Asymmetric PTCs can be made by alkylation of commercially available alkaloids such as quinine and cinchonidine. However, commercially available cinchonidine often contains up to 10% of dihydrocinchonidine, which will also alkylate to give a mixture of cinchonidinium and dihydrocinchonidinium salts which are hard to separate. When carrying out asymmetric phase transfer alkylations, the presence of up to 10% dihydro salt could influence the enantiomeric excess of the product.

When using powdered NaOH as base in these types of alkylation, the particle size of the NaOH can also be important. It has been found by some companies that commercially available powdered NaOH is not as good as pre-milled material in-house. A further complication in these types of process is the presence of small amounts of water, which can often be beneficial, but not always- it depends on the process.

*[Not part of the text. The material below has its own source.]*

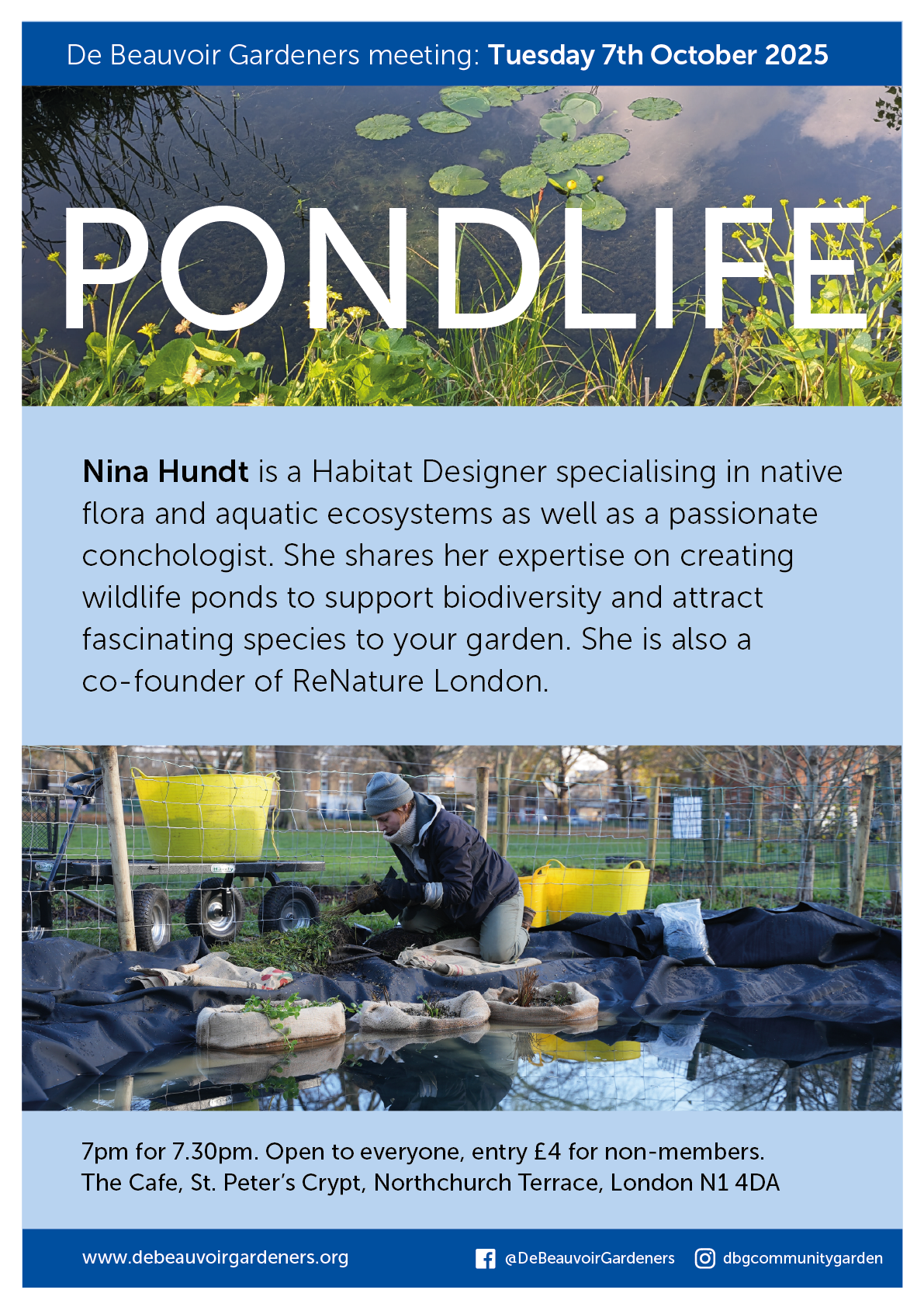 DBG member and wildlife gardener Nina is a founder member of ReNature London. She specialises in building sustainable, long term habitat restoration from the bottom up to enhance local wildlife. and this includes wildlife ponds.

So all these factors may need to be studied in scaling up PTC processes.

For more information see the forthcoming special issue on PTC in Organic Process R&D, 2010, Issue 3.

The enantioselectivity of a reaction can sometimes be reversed simply by changing the structure of the chiral PTC, in what seems a minor way but which affects the conformational flexibility of the catalyst, This approach has recently been explored by the group of Ma in China to the addition of ntiroalkanes to unsaturated ketones, to give high ee of either enantiomer (Angew Chem Int Ed, 2010, 49, 2772-2776).